Creating worker-aware targets

Open the HCP Boundary Admin Console UI and create a organisation called “multi-hop” followed by a project called “multi-hop”.
Navigate to the targets page within the multi-hop project.
Create 2 targets (one for Azure and one for AWS) with following details:
- Target name (aws-target and azure-target)
- Target address (private IP of AWS EC2 and Azure VM respectively)
- Default port 22
- Toggle the Ingress worker filter switch to add an ingress worker filter that searches for workers that have the following tag:

# For azure-target
"azure-ingress" in "/tags/type"
# For aws-target
"aws-ingress" in "/tags/type"

Connecting to targets using Boundary Desktop Application

With the ingress filters assigned above, any connections to target will be forced to proxy through the assigned ingress worker.

The end user authenticates to HCP Boundary cluster using Boundary Desktop application.
The user navigates to Targets section and will the authorized targets based on his roles and permissions.
The user connects to the aws/azure target using “Connect” button.
A proxy URL is published which user uses to establish a session

ssh username@127.0.0.1 -p <port mentioned in proxy url>

Challenges with Ingress workers

The Boundary ingress workers have to be accessed by user/clients which means either those users need to have some VPN access or the ingress worker is publicly accessible using a public IP. Some organisations may not allow this.
Other organisations might give access to boundary ingress workers residing in public network but resources are in private network with only outbound access, hence boundary ingress worker won’t be able to proxy the connection.

Managing multi-hop sessions with HCP Boundary

In order to mitigate the above networking challenges with some organisations, 0.12 release of HCP Boundary introduced a feature of multi-hop sessions wherein now you can configure different types of Boundary workers based on their networking requirements and eventually create a chain of workers through reverse-proxy connections. This creates multiple “hops” in the chain from a worker to a controller.
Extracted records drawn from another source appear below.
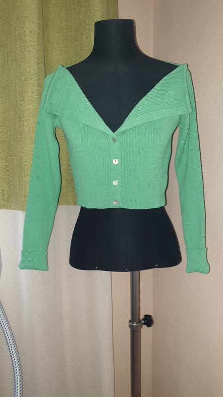 Вязаный кардиган в рубчик с вырезом на плечах, пуговицами спереди и укороченным приталенным силуэтом.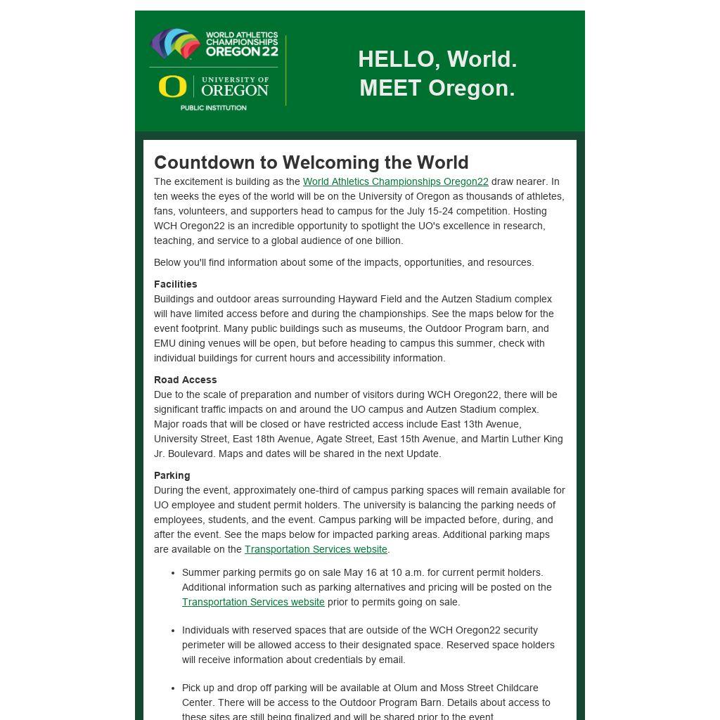Due to the scale of preparation and number of visitors during WCH Oregon22, there will be significant traffic impacts on and around the UO campus and Autzen Stadium complex. Major roads that will be closed or have restricted access include East 13th Avenue, University Street, East 18th Avenue, Agate Street, East 15th Avenue, and Martin Luther King Jr. Boulevard. Maps and dates will be shared in the next Update.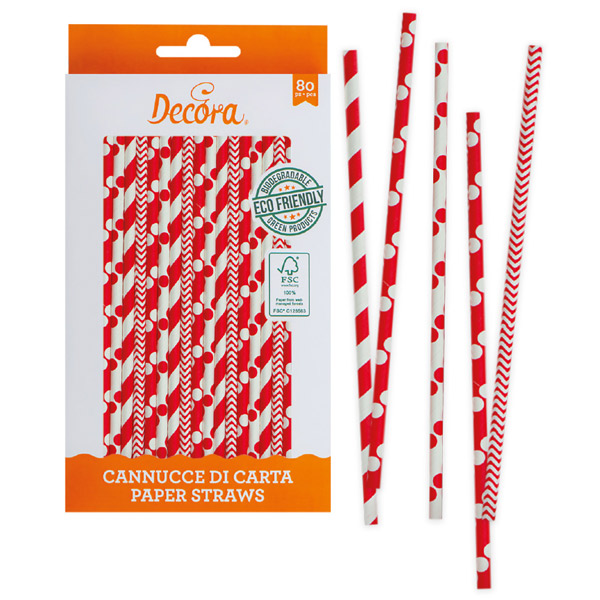 Biorazgradljive papirnate slamice v mix rdeče beli barvi.

The new type of worker which is introduced as part of this feature is called an “Egress” worker.
This worker has network access into the hosts and connects to an existing upstream/ingress worker which is accessible to the clients.
The “Egress” worker can reside in a private network with only outbound access and inaccessible to the clients.

Installation of Egress Worker

Create 2 Egress workers (one in each cloud) with private IP’s and only outbound access.
Install same boundary-worker utility similar to Ingress worker.
Add pki-worker.hcl on both workers at path /home/username/boundary. Note initial_upstreams parameter which tells which ingress worker to connect to.

disable_mlock = true

listener "tcp" {
  address = "0.0.0.0:9202"
  purpose = "proxy"
}

worker {
  # Use initial_upstreams instead of public_addr
  initial_upstreams = ["<private IP of ingress worker>:9202"]
  auth_storage_path = "/home/japneet/boundary/worker2"
  tags {
    # for AWS, replace tag name with aws-egress
    type = ["azure-egress"] 
  }
}

Run boundary worker using above config file.
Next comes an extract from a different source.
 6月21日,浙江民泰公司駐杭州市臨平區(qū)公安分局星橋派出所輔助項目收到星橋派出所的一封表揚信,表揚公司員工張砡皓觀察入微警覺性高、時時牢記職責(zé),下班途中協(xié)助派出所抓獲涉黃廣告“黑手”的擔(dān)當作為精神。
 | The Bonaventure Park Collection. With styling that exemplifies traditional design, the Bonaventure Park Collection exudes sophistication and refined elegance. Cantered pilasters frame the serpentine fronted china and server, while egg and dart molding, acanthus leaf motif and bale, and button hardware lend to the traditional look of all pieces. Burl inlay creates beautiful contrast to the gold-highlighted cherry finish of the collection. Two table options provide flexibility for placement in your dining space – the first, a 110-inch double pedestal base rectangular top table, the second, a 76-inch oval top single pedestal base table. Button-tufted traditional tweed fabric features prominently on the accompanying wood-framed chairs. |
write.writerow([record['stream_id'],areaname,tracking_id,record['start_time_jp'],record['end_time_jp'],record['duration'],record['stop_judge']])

./boundary-worker server -config="/home/japneet/boundary/pki-worker.hcl"

Copy the Worker Auth Registration Request field in the output of above command which will be used next for registering this worker to HCP Boundary control plane.
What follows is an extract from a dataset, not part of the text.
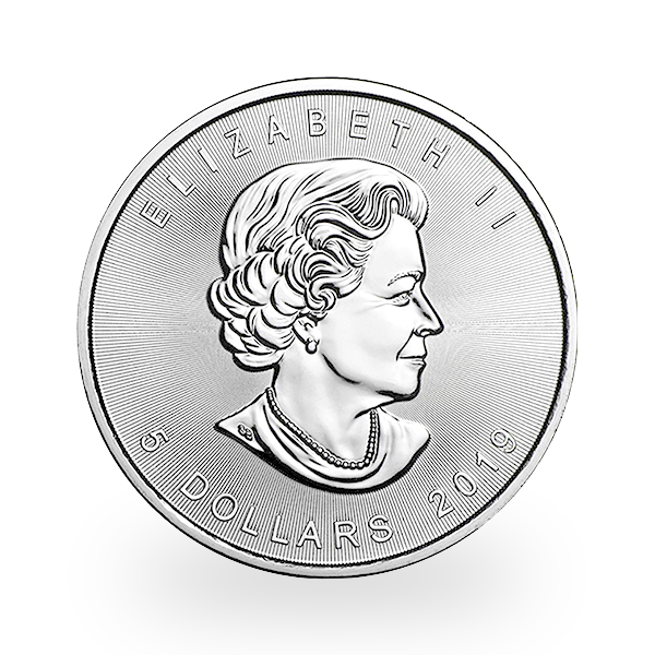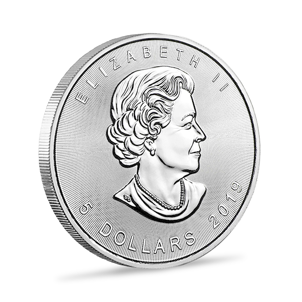 The reverse features a Maple leaf, national symbol of Canada since the 18th century, surrounded by the words CANADA, FINE SILVER 1 OZ ARGENT PUR and 9999 on either side. To the right, a micro-laser engraved maple leaf privy contains the numeral 19, denoting the coin's year of issue.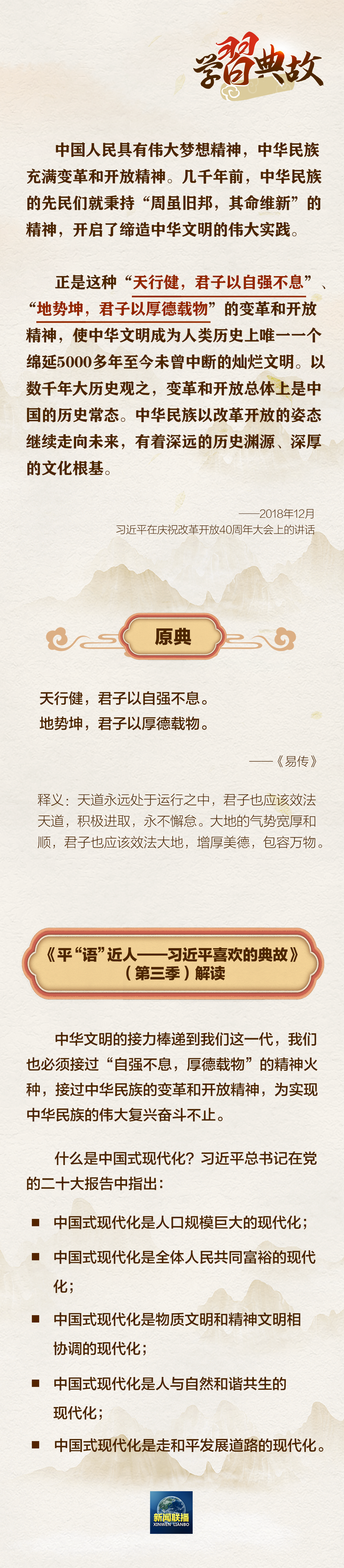 在黨的二十大報告中,習(xí)近平總書記指出:“從現(xiàn)在起,中國共產(chǎn)黨的中心任務(wù)就是團(tuán)結(jié)帶領(lǐng)全國各族人民全面建成社會主義現(xiàn)代化強(qiáng)國、實(shí)現(xiàn)第二個百年奮斗目標(biāo),以中國式現(xiàn)代化全面推進(jìn)中華民族偉大復(fù)興。”圍繞“以中國式現(xiàn)代化全面推進(jìn)中華民族偉大復(fù)興”,總書記曾講到哪些典故?一起學(xué)習(xí)↓↓↓

Registration of Egress Worker

Follow same steps as ingress worker for registering the egress worker.

Modifying worker-aware targets

Open the Boundary Admin Console UI navigate to the targets page within the “multi-hop” org.
Click on the aws-target/azure-target. Scroll to the bottom the the target details page and click Edit Form.
Toggle the Egress worker filter switch to add an egress worker filter that searches for workers that have the following tag:

# For azure-target
"azure-egress" in "/tags/type"
# For aws-target
"aws-egress" in "/tags/type"

Refresh the targets in Boundary Desktop Application and you should be able to connect the target again.

Working Demo

Conclusion

Awesome ! You have now connected to a target residing in a private network with only outbound access by creating a chain of “ingress” and “egress” workers and establishing a “hop” in the session.